# \(K\)th order statistic in \(O(N)\)

Given an array \(A\) of size \(N\) and a number \(K\). The problem is to find \(K\)-th largest number in the array, i.e., \(K\)-th order statistic.

The basic idea - to use the idea of quick sort algorithm. Actually, the algorithm is simple, it is more difficult to prove that it runs in an average of \(O(N)\), in contrast to the quick sort.

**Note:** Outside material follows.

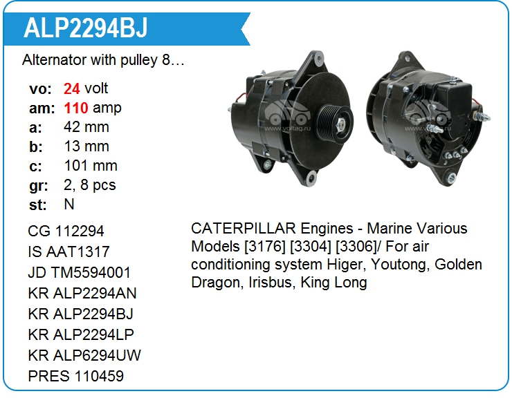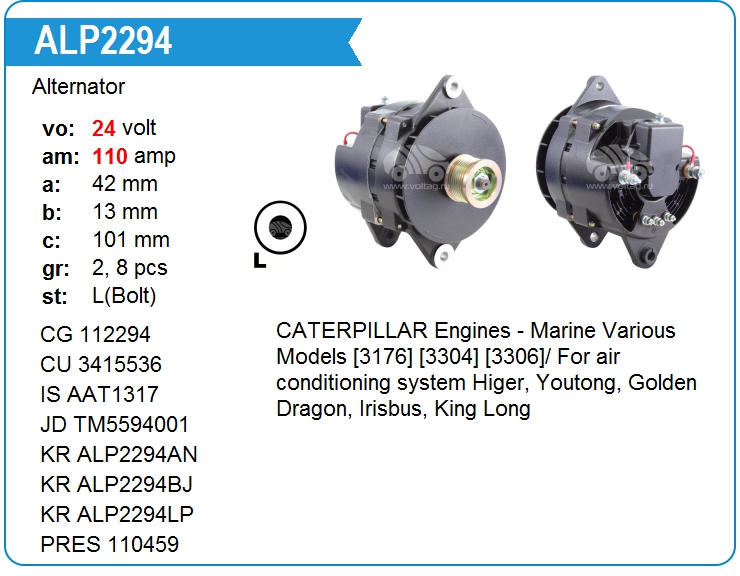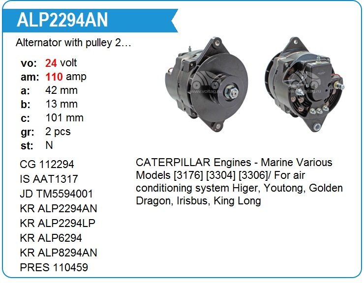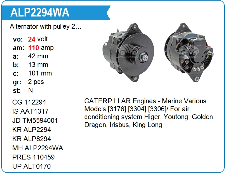 | Motorherz | ALP2294WA | Alternator with pulley 2 grooves | MSK | 1 | on stock | 404,78 EUR | |
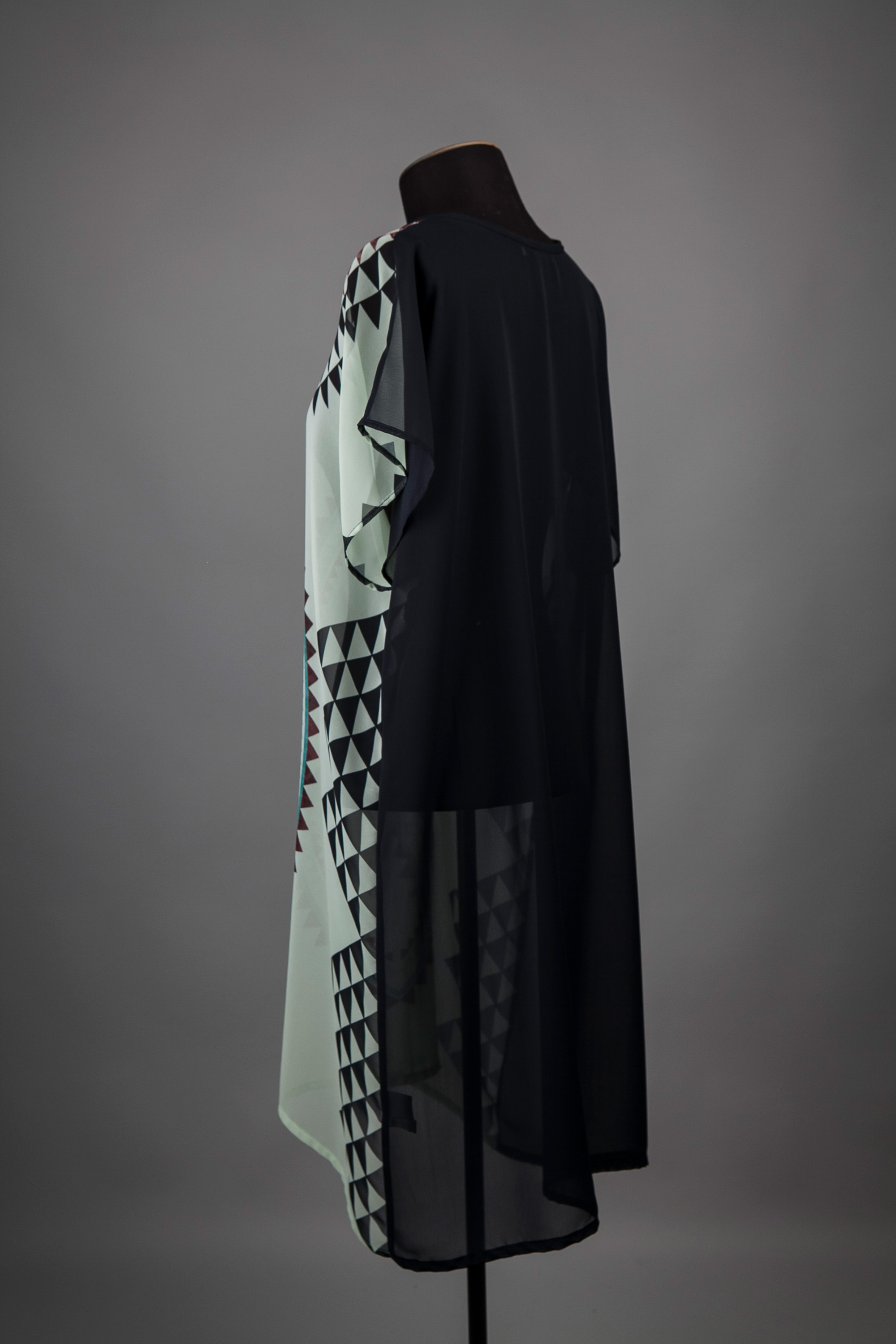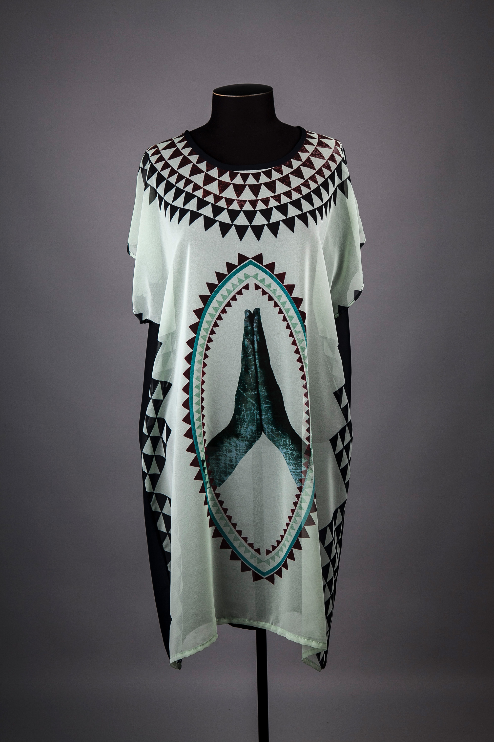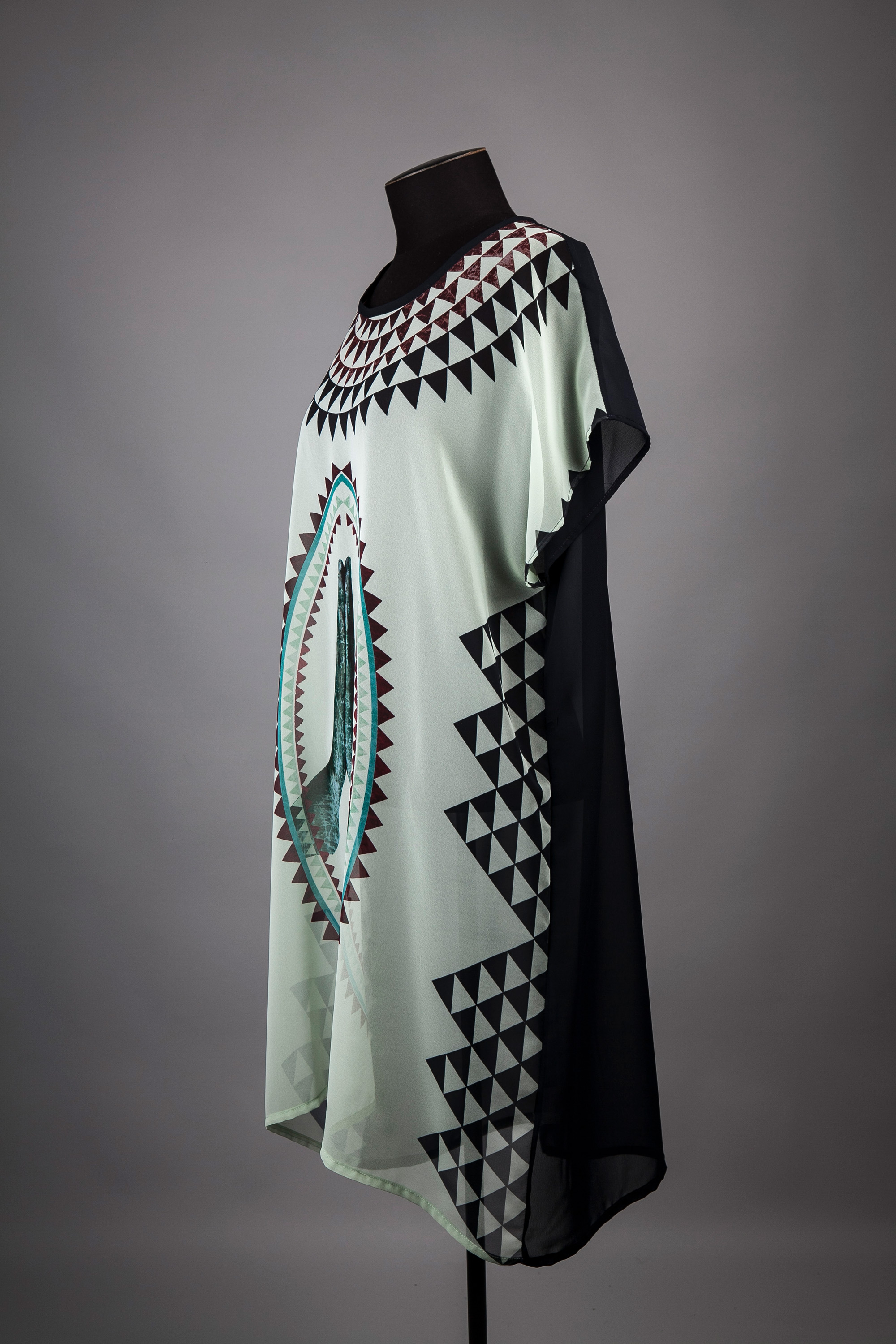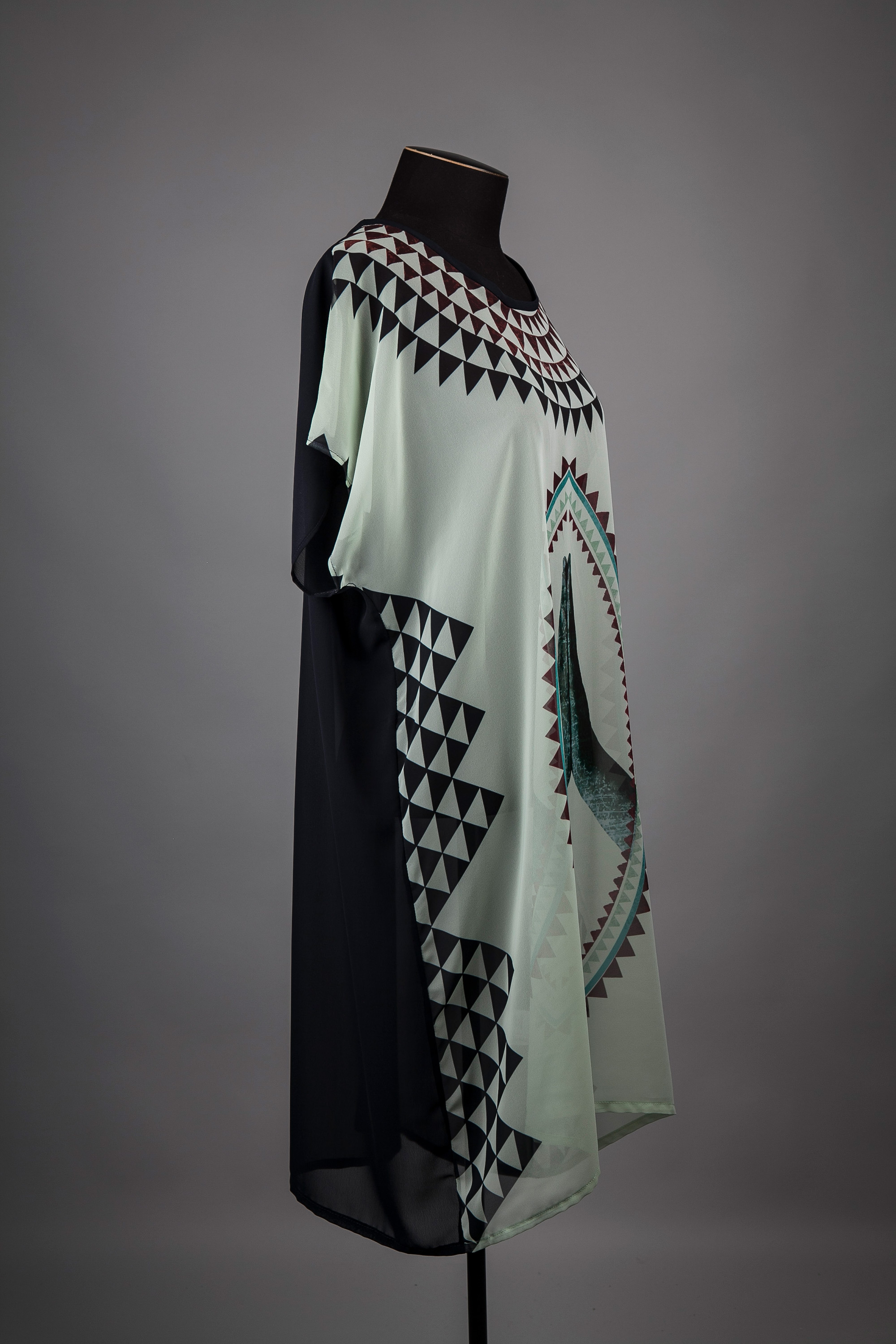 This 'Karakia' print dress was created as part of collection featured at the Miromoda Showcase during New Zealand Fashion Week in 2013. It has also become designer Adrienne Whitewood's most popular garment and has been favoured by New Zealand celebrities including singer Maisey Rika and MP Louisa Wall. The design was inspired by the imagery used in popular media to symbolise spirituality and also incorporates Adrienne's signature taniko patterning.

## Implementation (not recursive)

```
template <class T>
T order_statistics (std::vector<T> a, unsigned n, unsigned k)
{
using std::swap;
for (unsigned l=1, r=n; ; )
{
if (r <= l+1)
{
// the current part size is either 1 or 2, so it is easy to find the answer
if (r == l+1 && a[r] < a[l])
swap (a[l], a[r]);
return a[k];
}
// ordering a[l], a[l+1], a[r]
unsigned mid = (l + r) >> 1;
swap (a[mid], a[l+1]);
if (a[l] > a[r])
swap (a[l], a[r]);
if (a[l+1] > a[r])
swap (a[l+1], a[r]);
if (a[l] > a[l+1])
swap (a[l], a[l+1]);
// performing division
// barrier is a[l + 1], i.e. median among a[l], a[l + 1], a[r]
unsigned
i = l+1,
j = r;
const T
cur = a[l+1];
for (;;)
{
while (a[++i] < cur) ;
while (a[--j] > cur) ;
if (i > j)
break;
swap (a[i], a[j]);
}
// inserting the barrier
a[l+1] = a[j];
a[j] = cur;
// we continue to work in that part, which must contain the required element
if (j >= k)
r = j-1;
if (j <= k)
l = i;
}
}
```

## Notes

- The randomized algorithm above is named quickselect. You should do random shuffle on \(A\) before calling it or use a random element as a barrier for it to run properly. There are also deterministic algorithms that solve the specified problem in linear time, such as median of medians.
- A deterministic linear solution is implemented in C++ standard library as std::nth_element.
- Finding \(K\) smallest elements can be reduced to finding \(K\)-th element with a linear overhead, as they're exactly the elements that are smaller than \(K\)-th.